Google Sorts 1 Petabyte In 6 Hours

← Back to Stories (view on slashdot.org)

Google Sorts 1 Petabyte In 6 Hours

Posted by Soulskill on Sunday November 23, 2008 @04:53AM from the sort-of-fast dept.

krewemaynard writes "Google has announced that they were able to sort one petabyte of data in 6 hours and 2 minutes across 4,000 computers. According to the Google Blog, '... to put this amount in perspective, it is 12 times the amount of archived web data in the US Library of Congress as of May 2008. In comparison, consider that the aggregate size of data processed by all instances of MapReduce at Google was on average 20PB per day in January 2008.' The technology making this possible is MapReduce 'a programming model and an associated implementation for processing and generating large data sets.' We discussed it a few months ago. Google has also posted a video from their Technology RoundTable discussing MapReduce."

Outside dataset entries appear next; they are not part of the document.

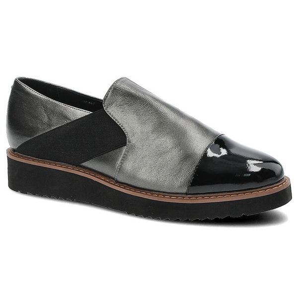Półbuty damskie Lamelia, wsuwane z lakierowanym elementem i na płaskiej podeszwie, czarno-szare, 39C817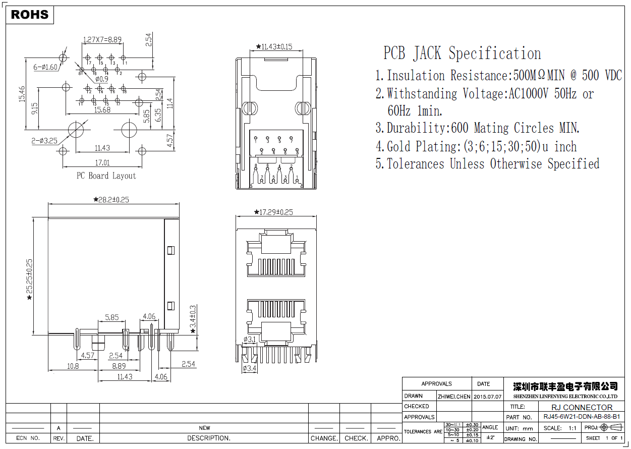 產品簡介品名:RJ45網絡連接器規(guī)格:臥式插件/90°外殼:帶屏蔽LED燈:無-其它顏色可定制塑膠顏色:黑色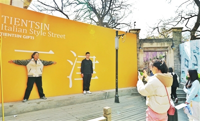 河北區(qū)意式風(fēng)情區(qū)打造沉浸式場(chǎng)景,游客在City Walk中定格美好。 記者 吳迪 攝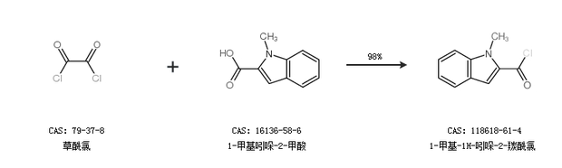 2.通過(guò)草酰氯和1-甲基吲哚-2-甲酸合成1-甲基-1H-吲哚-2-羰酰氯,收率約98%;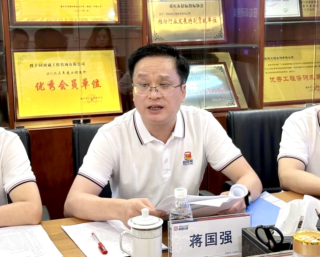 緊接著,同致誠公司總工程師、副總經理、黨支部紀檢委員蔣國強代表公司從“企業基本情況、當前業務調整策略及挑戰、企業信息化運用、對當前監理行業現狀及發展趨勢的看法建議”等7個方面作匯報。他提到,公司自成立以來,始終堅持“誠信、誠心、誠懇、同進、同享、同贏”的經營理念,致力于為客戶提供優質的工程咨詢服務。在業務開展過程中,公司不斷加強技術創新和人才培養,積累了豐富的項目經驗,在多個領域打造了一批具有代表性的優質工程,贏得了客戶的廣泛認可和好評。面對項目減少、激烈的市場競爭,民營企業生存空間越來越小的挑戰,公司堅持“走出去”和“多元化”發展戰略,積極拓展全國市場,布局全過程工程咨詢,深化BIM技術運用,提升服務效能,以創新驅動應對行業變革。同時希望協會繼續為會員單位提供技術支持和培訓機會,加強與業主的溝通交流,及時督促各會員單位改進工作方式和方法,提高監理成效。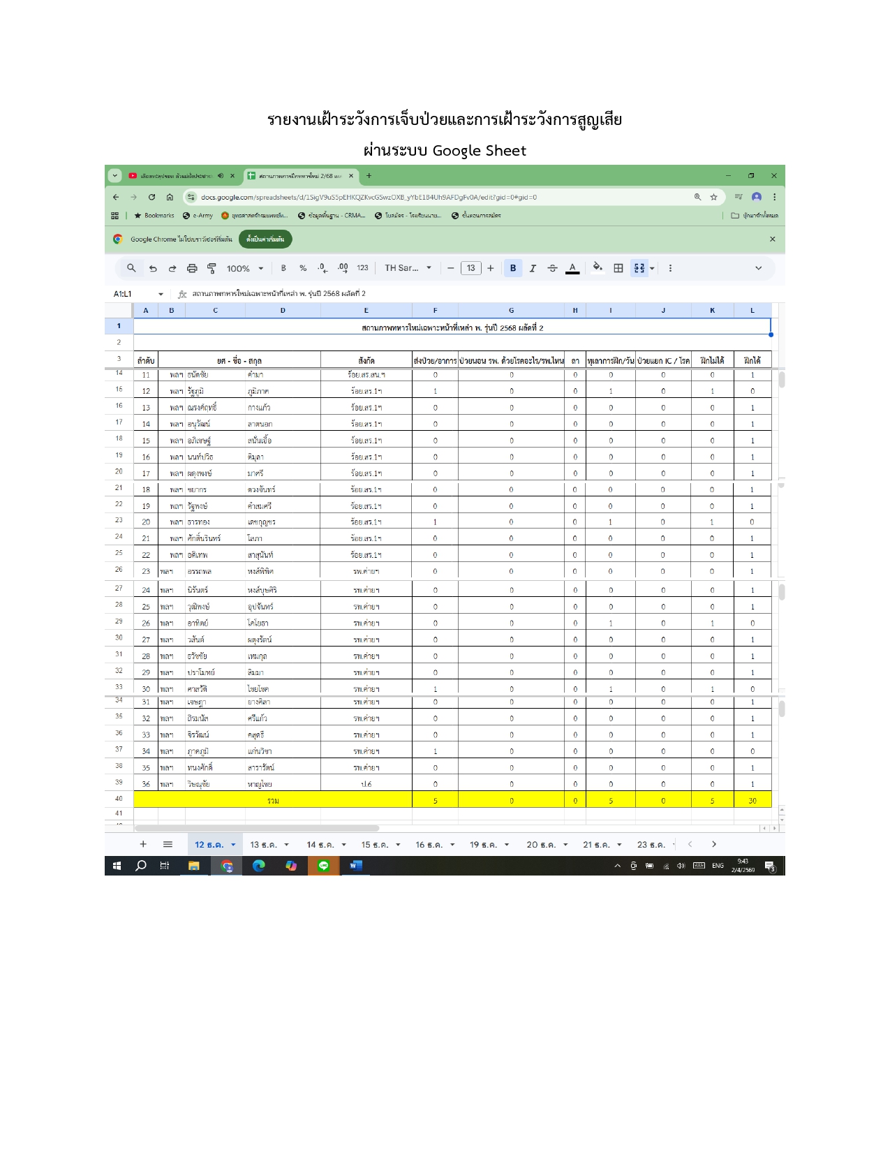 -ผู้รับผิดชอบการฝึกได้ทราบข้อมูลการเฝ้าระวังการเจ็บป่วยของทหารใหม่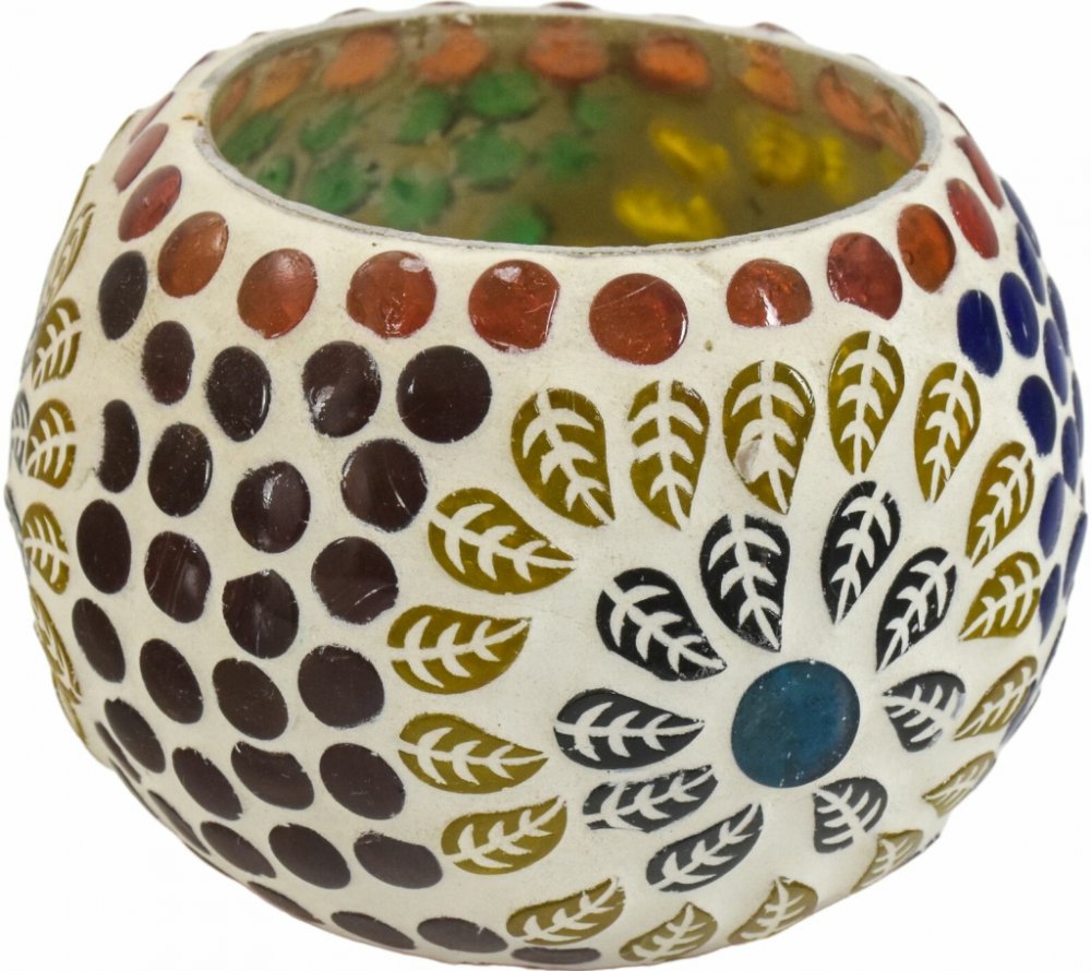 Sanu Babu Lampička, skleněná barevná mozaika, kulatá, průměr 9cm, výška 7cm (9H)

11 of 166 comments (clear)

Kudos to Google by Anonymous Coward · 2008-11-23 04:54 · Score: 5, Funny

for knowing how important the Library of Congress metric is to us nerds!
1. Re:Kudos to Google by canuck57 · 2008-11-23 06:30 · Score: 5, Funny
  
  for knowing how important the Library of Congress metric is to us nerds!
  But at least now we know Google can sort out petafiles.
Re:That's Easy by Blakey+Rat · 2008-11-23 05:08 · Score: 5, Insightful

I came here to post the same thing. If they sorted a petabyte of Floats, that might be pretty impressive. But if they're sorting 5-terabyte video files, their software really sucks.
Not enough info to judge the importance of this.

--
Comment of the year
Re:That's Easy by farker+haiku · 2008-11-23 05:16 · Score: 5, Informative

I think this is the data set. I could be wrong though. The article (yeah yeah) says that
In our sorting experiments we have followed the rules of a standard terabyte (TB) sort benchmark.
Which lead me to this page that describes the data (and it's available for download).

--
Your sig(k) has been stolen. There is a puff of smoke!
Re:That's Easy by Anonymous Coward · 2008-11-23 05:16 · Score: 5, Informative

From TFA: they sorted "10 trillion 100-byte records"
Finally... by aztektum · 2008-11-23 05:17 · Score: 5, Funny

I will be able to catalog my pr0n in my lifetime:
Blondes, Brunettes, Red heads, Beastial^H^H^H^H^H "Other"

--
:: aztek ::
No sig for you!!
Re:Sort? Sort what? by nedlohs · 2008-11-23 05:34 · Score: 5, Informative

I realize, slashdot..., but maybe you could glance at the article which states:
10 trillion 100-byte records
Re:tagging by gardyloo · 2008-11-23 05:53 · Score: 5, Funny

pr0n for Geeks, volume 18: Sorting On-the-Fly
Re:Sort? Sort what? by Dpaladin · 2008-11-23 06:12 · Score: 5, Funny

Sorting a petabyte sounds pretty impressive, but I don't think it was a whole yotta work.

--
Bad puns gave me bad karma. =(
Amazing feat... by Duncan3 · 2008-11-23 08:32 · Score: 5, Funny

Today from Google, the god of all things and doer of all things good in the universe, many millions of dollars in computer equipment were able to sort lots of things, in about the amount of time you would think it would take for millions of dollars of equipment to sort things.
In other news, a woodchuck was found chucking wood as fast as a woodchuck could chuck wood.
Congrats Google, you have a HUGE data set, and an even bigger wallet.

--
- Adam L. Beberg - The Cosm Project - http://www.mithral.com/
Re:One ups Yahoo & Hadoop by jollyplex · 2008-11-23 11:49 · Score: 5, Interesting

Exactly. It's unclear if their better time was a software engineering or algorithmic feat, though. Hadoop was able to finish sorting the 1 TB benchmark dataset in 209 s; TFA states Google pulled the same event off in 68 s. The Yahoo blog post you linked to says their compute nodes each sported 4 SATA HDDs. Note TFA mentions Google's 1 PB dataset sort used 48,000 HDDs split between 4,000 machines, or 12 HDDs to a machine. If Google used the same machines to perform their 1 TB sort, then they had 3 times as many HDDs on each compute node, and could probably pull data from storage 3 times as fast. 209 s / 68 s ~ 3.1 -- coincidence, or not? =)